[DATA FOR ANALYSIS]
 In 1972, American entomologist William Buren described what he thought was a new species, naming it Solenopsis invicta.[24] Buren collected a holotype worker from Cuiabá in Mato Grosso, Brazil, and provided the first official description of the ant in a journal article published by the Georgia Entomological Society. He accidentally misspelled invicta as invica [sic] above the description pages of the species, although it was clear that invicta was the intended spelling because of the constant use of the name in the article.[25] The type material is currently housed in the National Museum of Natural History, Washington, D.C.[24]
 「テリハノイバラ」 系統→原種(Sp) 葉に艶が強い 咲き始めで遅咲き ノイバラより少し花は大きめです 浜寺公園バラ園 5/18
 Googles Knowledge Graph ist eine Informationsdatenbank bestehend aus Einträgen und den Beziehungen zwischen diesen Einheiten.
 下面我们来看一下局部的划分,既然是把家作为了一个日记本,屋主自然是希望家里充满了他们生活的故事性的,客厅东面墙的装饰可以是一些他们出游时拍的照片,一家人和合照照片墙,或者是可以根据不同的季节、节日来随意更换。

* * *

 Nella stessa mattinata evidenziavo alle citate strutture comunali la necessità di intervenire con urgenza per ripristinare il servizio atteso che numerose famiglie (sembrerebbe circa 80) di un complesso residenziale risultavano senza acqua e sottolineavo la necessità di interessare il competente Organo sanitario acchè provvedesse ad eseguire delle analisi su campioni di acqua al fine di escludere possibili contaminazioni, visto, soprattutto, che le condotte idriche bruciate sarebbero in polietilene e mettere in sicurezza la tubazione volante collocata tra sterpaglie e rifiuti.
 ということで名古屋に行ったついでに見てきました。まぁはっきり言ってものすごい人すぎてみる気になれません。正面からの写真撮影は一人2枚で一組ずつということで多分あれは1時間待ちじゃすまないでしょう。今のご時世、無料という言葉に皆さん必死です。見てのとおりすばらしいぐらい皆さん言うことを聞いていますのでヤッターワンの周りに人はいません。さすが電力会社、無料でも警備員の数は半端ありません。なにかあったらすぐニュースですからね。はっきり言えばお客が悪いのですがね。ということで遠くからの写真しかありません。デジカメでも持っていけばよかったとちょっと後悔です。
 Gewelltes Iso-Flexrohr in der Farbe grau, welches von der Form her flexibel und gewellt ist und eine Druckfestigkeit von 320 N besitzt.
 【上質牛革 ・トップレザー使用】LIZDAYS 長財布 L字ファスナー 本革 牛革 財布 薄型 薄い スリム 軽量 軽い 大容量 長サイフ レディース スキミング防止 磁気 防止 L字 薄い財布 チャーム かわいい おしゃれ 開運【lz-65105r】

[EXERCISE INSTRUCTIONS] What is needed is a verbatim copy of every line in the records above from the one containing "ということで名古屋に行ったつ" down to the one containing "かわいい おしゃれ 開運【lz-65105r】", both included, and nothing more.

[REPLY TO THE TASK]
 ということで名古屋に行ったついでに見てきました。まぁはっきり言ってものすごい人すぎてみる気になれません。正面からの写真撮影は一人2枚で一組ずつということで多分あれは1時間待ちじゃすまないでしょう。今のご時世、無料という言葉に皆さん必死です。見てのとおりすばらしいぐらい皆さん言うことを聞いていますのでヤッターワンの周りに人はいません。さすが電力会社、無料でも警備員の数は半端ありません。なにかあったらすぐニュースですからね。はっきり言えばお客が悪いのですがね。ということで遠くからの写真しかありません。デジカメでも持っていけばよかったとちょっと後悔です。
 Gewelltes Iso-Flexrohr in der Farbe grau, welches von der Form her flexibel und gewellt ist und eine Druckfestigkeit von 320 N besitzt.
 【上質牛革 ・トップレザー使用】LIZDAYS 長財布 L字ファスナー 本革 牛革 財布 薄型 薄い スリム 軽量 軽い 大容量 長サイフ レディース スキミング防止 磁気 防止 L字 薄い財布 チャーム かわいい おしゃれ 開運【lz-65105r】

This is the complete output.